Dataset: Begin

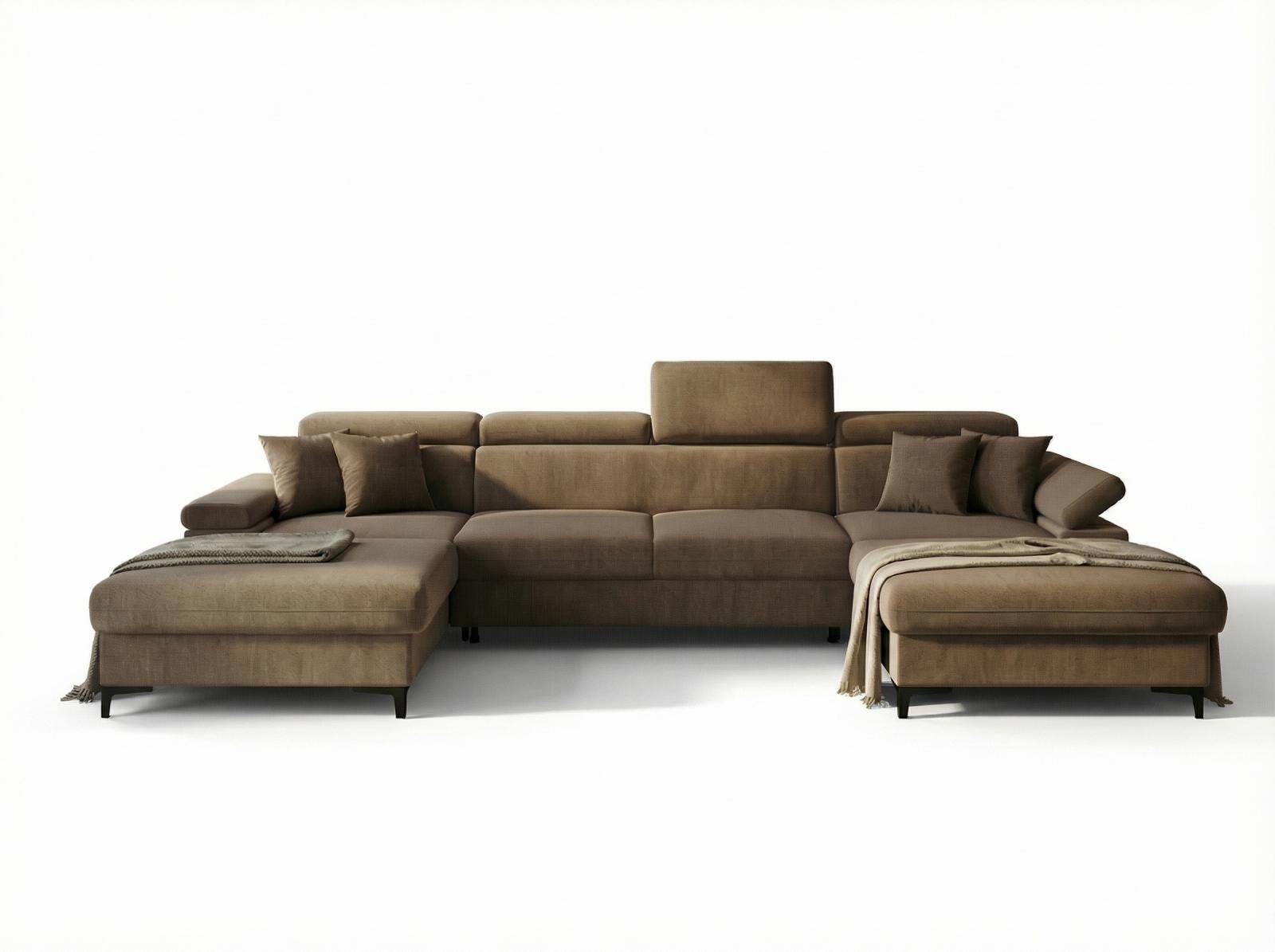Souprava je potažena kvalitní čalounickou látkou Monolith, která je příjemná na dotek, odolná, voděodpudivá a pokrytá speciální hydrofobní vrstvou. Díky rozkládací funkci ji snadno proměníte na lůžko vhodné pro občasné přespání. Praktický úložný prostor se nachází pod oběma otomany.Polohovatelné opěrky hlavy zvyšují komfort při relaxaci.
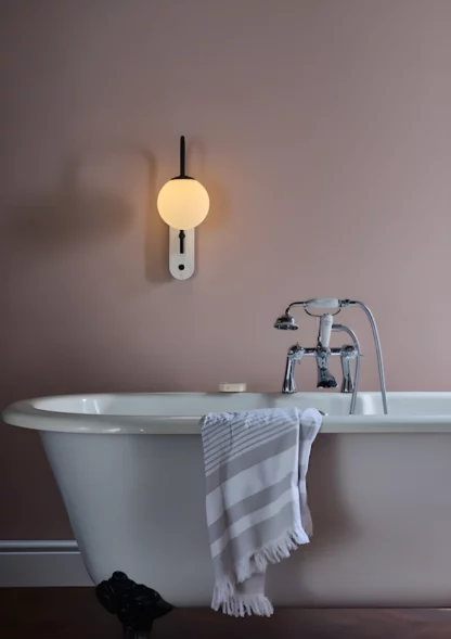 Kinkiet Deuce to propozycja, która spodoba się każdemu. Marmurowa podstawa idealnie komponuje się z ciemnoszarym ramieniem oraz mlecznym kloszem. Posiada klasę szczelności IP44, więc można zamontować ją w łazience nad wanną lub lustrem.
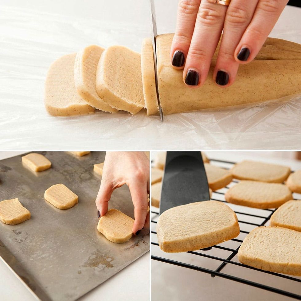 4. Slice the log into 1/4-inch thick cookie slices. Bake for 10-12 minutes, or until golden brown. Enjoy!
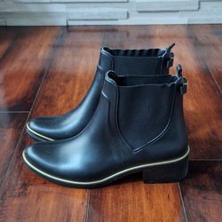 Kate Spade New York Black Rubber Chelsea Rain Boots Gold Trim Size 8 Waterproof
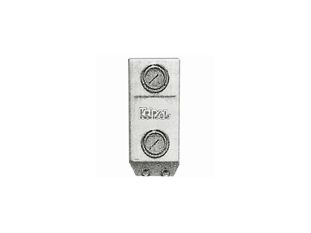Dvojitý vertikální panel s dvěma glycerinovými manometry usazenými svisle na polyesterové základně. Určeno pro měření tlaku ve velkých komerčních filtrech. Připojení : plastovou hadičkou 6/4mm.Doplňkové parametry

Dataset: End

→ **Exercise requirements**
Retype, word for word, only the line holding "4. Slice the" and the lines after it through the final line of the listing above, and leave every picture out.

→ **Task output**
 4. Slice the log into 1/4-inch thick cookie slices. Bake for 10-12 minutes, or until golden brown. Enjoy!
 Kate Spade New York Black Rubber Chelsea Rain Boots Gold Trim Size 8 Waterproof
Dvojitý vertikální panel s dvěma glycerinovými manometry usazenými svisle na polyesterové základně. Určeno pro měření tlaku ve velkých komerčních filtrech. Připojení : plastovou hadičkou 6/4mm.Doplňkové parametry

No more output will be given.